ABOUT THIS TASK:
Only a slice of the listing below is wanted. Retype the lines from the one containing "公益中国网讯 近日,2025 公益未来・露露乐蒙青少年赋能计划总结会在北京举行。本次会议由中国乡村发展基金会与运动生活方式品牌" through the one containing "click!</div> | |", exactly, both ends included.

MATERIAL FOR THIS TASK:

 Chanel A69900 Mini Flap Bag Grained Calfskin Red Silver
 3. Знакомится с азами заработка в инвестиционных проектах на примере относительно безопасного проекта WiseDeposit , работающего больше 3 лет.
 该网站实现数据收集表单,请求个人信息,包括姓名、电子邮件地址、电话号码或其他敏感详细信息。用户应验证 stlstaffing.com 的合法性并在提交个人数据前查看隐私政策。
--
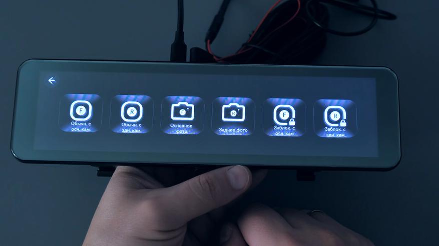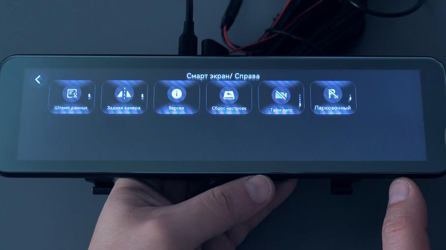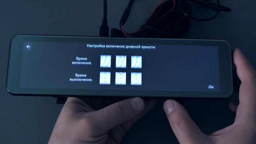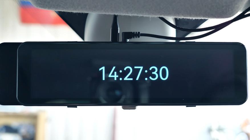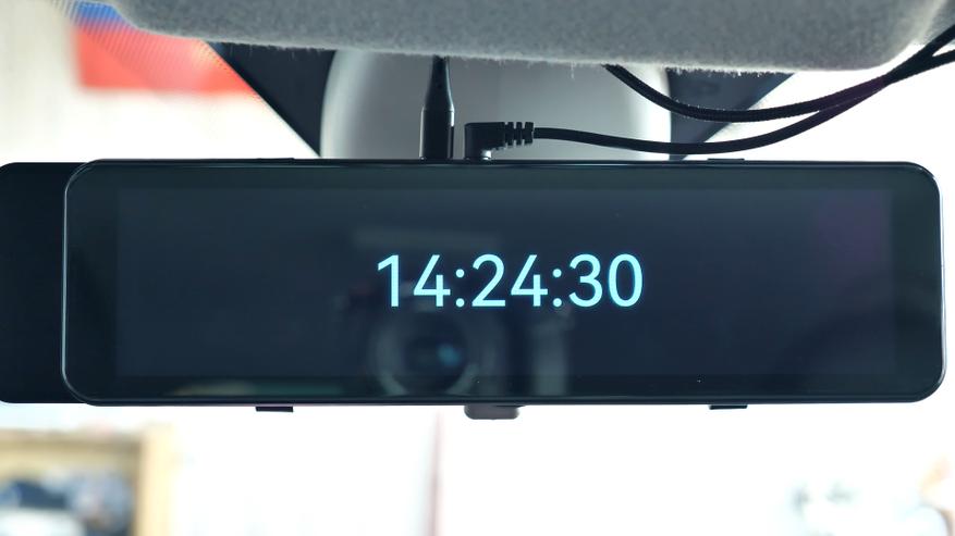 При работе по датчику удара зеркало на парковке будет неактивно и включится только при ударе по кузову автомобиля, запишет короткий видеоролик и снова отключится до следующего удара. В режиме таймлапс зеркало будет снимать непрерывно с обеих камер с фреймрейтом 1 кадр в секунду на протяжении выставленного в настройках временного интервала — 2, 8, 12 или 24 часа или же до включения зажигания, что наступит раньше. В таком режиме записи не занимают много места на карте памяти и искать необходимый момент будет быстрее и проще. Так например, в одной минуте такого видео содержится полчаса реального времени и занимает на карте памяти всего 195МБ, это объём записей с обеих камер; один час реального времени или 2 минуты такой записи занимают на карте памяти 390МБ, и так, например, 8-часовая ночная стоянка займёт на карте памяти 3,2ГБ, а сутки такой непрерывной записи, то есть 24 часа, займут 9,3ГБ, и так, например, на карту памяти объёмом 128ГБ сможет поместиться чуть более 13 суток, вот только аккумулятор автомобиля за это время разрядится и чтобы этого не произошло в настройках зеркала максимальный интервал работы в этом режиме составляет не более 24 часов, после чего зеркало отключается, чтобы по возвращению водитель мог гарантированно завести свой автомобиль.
--
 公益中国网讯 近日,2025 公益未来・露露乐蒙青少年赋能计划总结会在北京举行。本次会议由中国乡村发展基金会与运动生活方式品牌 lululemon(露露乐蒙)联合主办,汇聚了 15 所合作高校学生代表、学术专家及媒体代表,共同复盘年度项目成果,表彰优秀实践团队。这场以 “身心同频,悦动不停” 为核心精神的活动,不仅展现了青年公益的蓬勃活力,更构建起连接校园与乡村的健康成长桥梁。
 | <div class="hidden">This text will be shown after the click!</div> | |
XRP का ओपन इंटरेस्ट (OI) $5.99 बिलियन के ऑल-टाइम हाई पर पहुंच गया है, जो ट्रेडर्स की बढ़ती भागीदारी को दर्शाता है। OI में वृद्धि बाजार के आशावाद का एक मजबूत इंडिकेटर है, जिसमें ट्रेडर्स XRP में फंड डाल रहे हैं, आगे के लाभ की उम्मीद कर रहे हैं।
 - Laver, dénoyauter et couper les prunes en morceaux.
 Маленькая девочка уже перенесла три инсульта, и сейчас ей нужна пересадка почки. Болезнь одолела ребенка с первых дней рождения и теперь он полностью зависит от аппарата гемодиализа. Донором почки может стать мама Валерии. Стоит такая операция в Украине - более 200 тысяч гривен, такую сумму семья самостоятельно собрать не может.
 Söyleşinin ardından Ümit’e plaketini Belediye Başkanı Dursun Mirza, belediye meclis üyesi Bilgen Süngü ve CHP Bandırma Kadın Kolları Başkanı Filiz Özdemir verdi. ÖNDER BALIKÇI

OUTPUT FOR THIS TASK:
 公益中国网讯 近日,2025 公益未来・露露乐蒙青少年赋能计划总结会在北京举行。本次会议由中国乡村发展基金会与运动生活方式品牌 lululemon(露露乐蒙)联合主办,汇聚了 15 所合作高校学生代表、学术专家及媒体代表,共同复盘年度项目成果,表彰优秀实践团队。这场以 “身心同频,悦动不停” 为核心精神的活动,不仅展现了青年公益的蓬勃活力,更构建起连接校园与乡村的健康成长桥梁。
 | <div class="hidden">This text will be shown after the click!</div> | |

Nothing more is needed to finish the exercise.